If you can understand that investments rise and fall in value constantly, you can become better prepared to deal with the fluctuations. When dollar cost averaging, you look at a loss in value as a greater buying opportunity, instead of immediately writing off the experience as a loss.
Assuming the price of the investment does eventually rise, a dollar cost averaging plan will help you capitalize on lower market swings by assigning you more shares. It also helps you stay consistent as an investor, which will materialize into superior gains in the long term.
Even if the price of the investment doesn’t rise to the point that you originally planned, dollar cost averaging still helped you save consistently. While you might’ve lost some value in your investment, which can happen with any investment, you can still sell out and reallocate your funds to a better opportunity.
Because of this chance of loss, you want to make sure you are pairing a solid dollar cost averaging plan with diversification.

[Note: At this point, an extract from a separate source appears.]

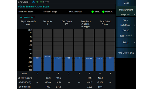 SHA860A的5G NR OTA测量功能可以对多小区进行空中接口(OTA)的测试,提供物理小区 ID、波束号、 GSCN、SS-RSRP 、SS-RSRQ、SS-SINR、SS-RSSI、EVM等解调指标。
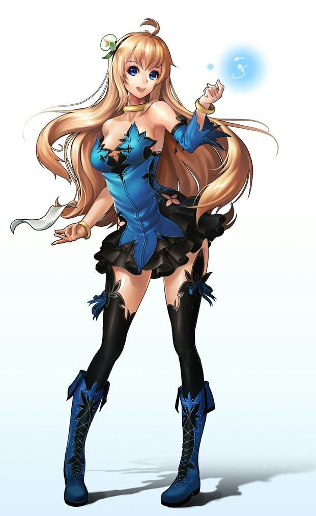 Faye is a little shorter than average with a medium solid build. Long wavy blonde hair is pulled back to reveal a warm inviting face that reflects her optimistic nature; her glistening dark blue eyes glance protectively over the guild members she regards as family. Flushed light-olive skin compliments her eyes and hair, and her elegant brightly colored clothing leaves an amusing question about the difficulty of her previous adventures.

This is a fantastic way to maximize your investment gains.
The benefits of dollar cost averaging are clearly advantageous to most investors. Best of all, this strategy helps you automatically buy low and sell high.
You’ll buy more shares when stock prices are lower, and buy less when stock prices are higher. Over the long term, a system like this will help you both stay invested in the market and profit from its natural bear and bull market cycles.
Combine Value Investing with DCA
Many greats have made a living from value investing. They have been documented in their abilities to beat the market. You probably have heard of the most famous value investor Warren Buffett. There’s also others such as Buffett’s mentor Benjamin Graham, John Templeton and Seth Klarman.
These greats had the patience to wait for the market to adjust to their liking and the wisdom to know which opportunities were worth investing in. Obviously, this is easier said than done.
The secret behind their success is really no secret at all. Basically, the concept of value investing boils down to understanding what a company’s intrinsic value is… and buying that company’s stock when it is trading at a discount to that intrinsic value.
This is a concept termed “margin of safety”. When you buy a company with a margin of safety, this means you are buying it at less than its intrinsic value. Let’s say the company closed shop tomorrow and sold off all of its assets and paid its liabilities. With its cash in the books, would the company have any value?
If the answer to that question is yes, then you’ve found a typical value investment. These are the kinds of stocks that the legends look for.
A company that is priced at less than its liquidation value gives the investor a margin of safety, because in the worst case if the business shuts down tomorrow the stockholder still owns a cash value in the company’s excess liquidation proceeds. Any additional margin between the price paid and this balance creates the margin of safety and provides the investor with a hefty profit.
Wheras most of Wall Street believes that a stock must have higher risk to give higher returns, the value investor uses the concept of margin of safety to state that a stock with lower risk actually has the best chance at higher returns.
What you’ll generally see on Wall Street is that most companies never get to the liquidation stage. More often than not, a company will be temporarily hated on the street and thus trading at a discount, but will eventually recover as time goes by.
This happens over and over again, until the enterprising value investor is able to compound his wealth nicely by finding many of these situations.
Combining a potent strategy like value investing to another effective investment strategy like dollar cost averaging and diversification can reap rewards for yourself for many years to come.
Don’t be the person who can’t recognize true value when they see it.